Biotoxin detection methods

       Biotoxin detection methods have traditionally employed bioassay techniques, despite their drawbacks such as insensitivity, lack of specificity, and ethical concerns related to the use of animals, particularly mice. To address these limitations, alternative analytical methods for biotoxin detection, such as biosensors and chromatographic techniques, have gained prominence.
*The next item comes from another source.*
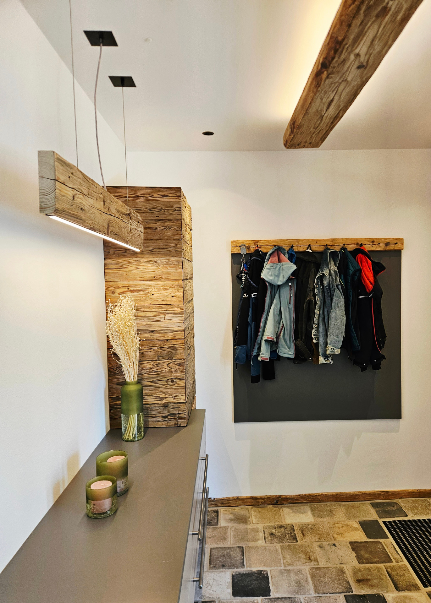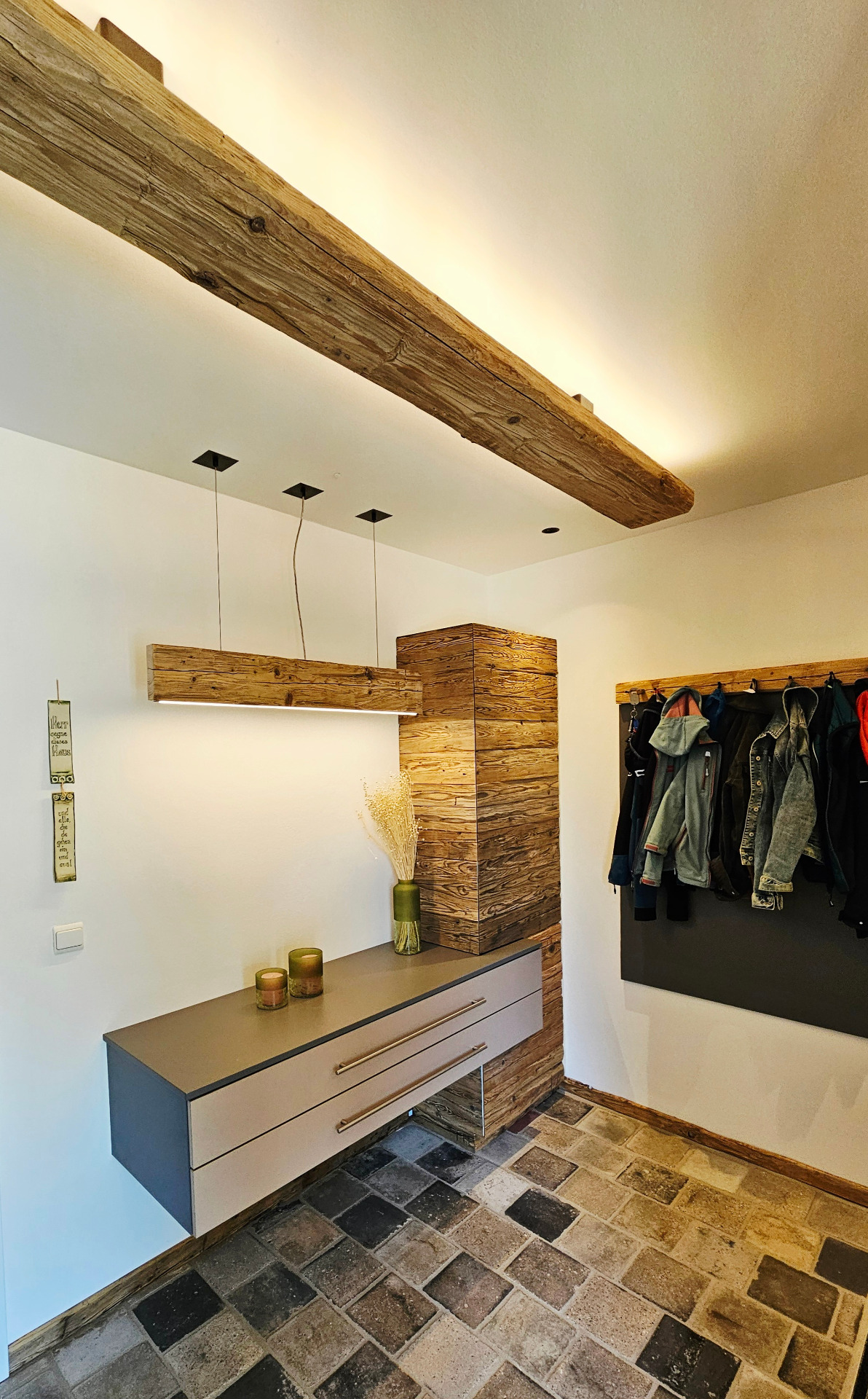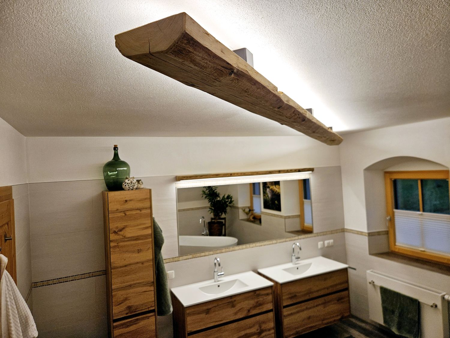 Diese Decken- oder Spiegelbeleuchtung bringt ein Stück Geschichte in Ihr Zuhause. Der gehackte Altholzbalken überzeugt durch seine markante Struktur und warme Ausstrahlung – jedes Stück ist ein echtes Unikat.

       Biosensors represent advanced detectors extensively utilized with biological samples due to their cost-effectiveness, compact size, and portability. These devices operate based on the interaction between the target cell and a bio-receptor (e.g., DNA, enzymes, or cells) (Farag and Tanios et al., 2021). The resulting product undergoes a specific signal transformation that can be detected using transducers, including optical, electrochemical, or mass-based methods. Biosensors offer the advantage of easy modification depending on the target activity and serve as a preliminary screening tool for the presence of biotoxins before employing more sophisticated techniques (Neethirajan et al., 2018).

 

       In the case of OA, an enzyme-based biosensor is employed to measure its inhibition activity, given that OA inhibits the phosphatase enzyme. Biosensors have proven valuable in detecting OA activity (Hamada-Sato et al., 2004), and their development for detecting biotoxins in crustaceans and other marine organisms is essential for assessing health risks.

       For Paralytic Shellfish Poisoning (PSP) biotoxins, high-performance liquid chromatography (HPLC) coupled with highly sensitive detection units, such as fluorescence detectors or mass spectrometers, is commonly employed. The coupling of hydrophilic interaction liquid chromatography (HILIC) with electrospray ionization tandem mass spectrometry (MS/MS) has shown improved results in detecting PSP toxins. This approach not only enhances detection sensitivity but also provides structural elucidation capabilities to confirm toxin chemical structures (Galeano Garcia et al., 2019).

       In a study along the Portuguese coast, HPLC-UV was used to determine domoic acid accumulation in swimming crabs in 2003. The study revealed a high rate of DA accumulation within the crab visceral tissues, exceeding the regulatory limit and highlighting the effectiveness of HPLC in detecting toxin levels(Costa et al., 2003). This underscores the importance of employing advanced analytical techniques for accurate and sensitive biotoxin detection in marine organisms.

Conclusion

As conclusion, the aquaculture industry endeavours to meet global food demands sustainably, the establishment of effective monitoring and management strategies for biotoxins becomes imperative. The intertwined challenges of climate change accentuate the urgency of ongoing research and adaptive measures to mitigate the adverse impact of biotoxins on aquatic species.